Gaillac
- Full name: Union Athlétique Gaillacoise
- Founded: 1901; 125 years ago
- Location: Gaillac, France
- Ground: Stade Laborie-Bernard Laporte
- President: Hubert Mauillon
- Coach: Alain Gaillard
- League: Fédérale 1
- 2024–25: 4th (Pool 3)
| 1st kit | 2nd kit |

= UA Gaillac =

French rugby union club, based in Gaillac

Union Athlétique Gaillac is a French rugby union club currently competing in the Fédérale 1 league, the fifth level of the French amateur league system. In 2007, they were forcibly relegated from the second level of the French professional league due to serious financial problems. The club, founded in 1901, is based in the small town of Gaillac, in southwestern France, in the département of Tarn, some 70 km northeast of Toulouse. They play their home games at Stade Laborie-Bernard Laporte, which was inaugurated in 1909. Their current coach is Alain Gaillard.

==History==
The club was founded as Stade Gaillacois and was only the third rugby union club in Tarn. In 1905, it became Stade Athlétique Gaillacois and in 1910 Union Sportive Gaillacoise. In 1940, the French rugby federation cancelled the championship and the club was forced out of business, but a new club was founded, Union Athlétique Gaillacoise, with rugby, football, boxing, tennis, athletics, swimming and volleyball sections.
In 1948, the club associated with the local train workers and became Union Athlétique des Cheminots (Railwaymen) de Gaillac. In 1950, the club reverted to its former name.

Gaillac was always in the lower divisions of the southwest rugby leagues until it managed to reach the lowest level of the national championship in 1968. It was relegated a few years after and had to wait until 2001 to join the highest level of amateur rugby called Fédérale 1. In 2006, finally, Gaillac reached the second professional division, Rugby Pro D2, after winning the Fédérale 1 title.

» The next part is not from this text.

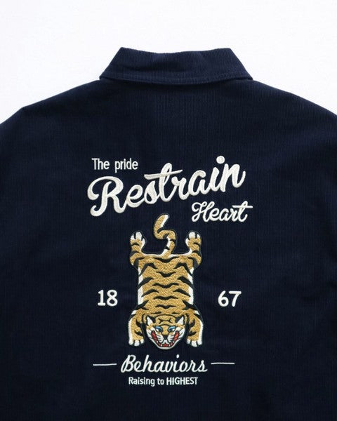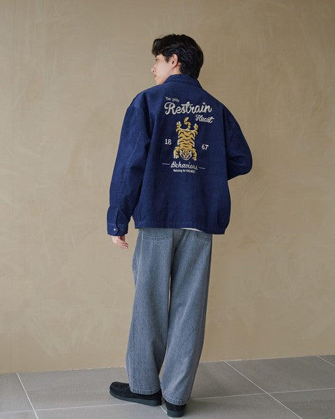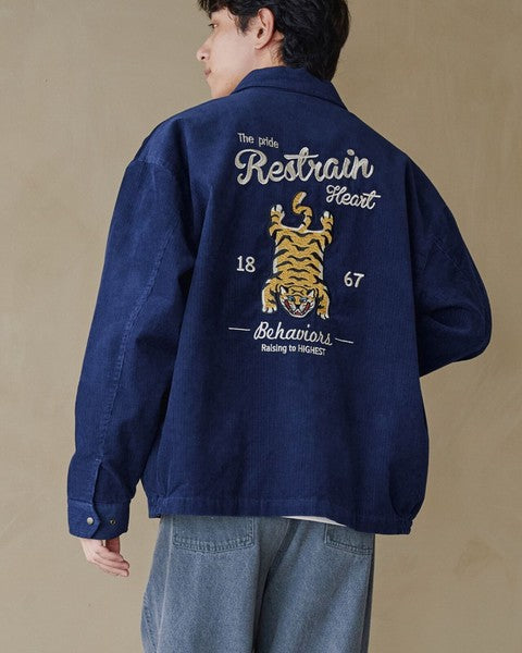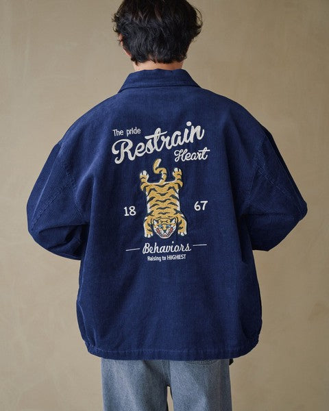 以 大面積虎刺繡 打造強烈存在感, 結合復古氛圍與街頭潮流的 燈芯絨外套。 背面大膽的 TIGER 刺繡,是整體造型的視覺焦點, 正面則以簡約 Logo 點綴,低調卻不失質感。

Gaillac finished in 10th place in their first season in Pro D2, but ran into serious financial difficulties, and proposed a merger with the nearby Graulhet club. The merger fell through, and after the end of the 2006-07 season, the French sporting authorities forcibly relegated Gaillac to Fédérale 1. The club was then placed into bankruptcy in July 2007, leading to a further drop to Fédérale 3.

==Honours==
- Third Division
  - Champions: 1961, 2006

==Famous players==
- Bernard Laporte - Gaillac’s most famous player was the former France coach Bernard Laporte, who played for them in the youth categories until he was 20 and left for Bègles-Bordeaux in 1984. The club’s stadium was given his name a few years ago.

- Andrew Walker - Australian dual international in Rugby Union and Rugby League.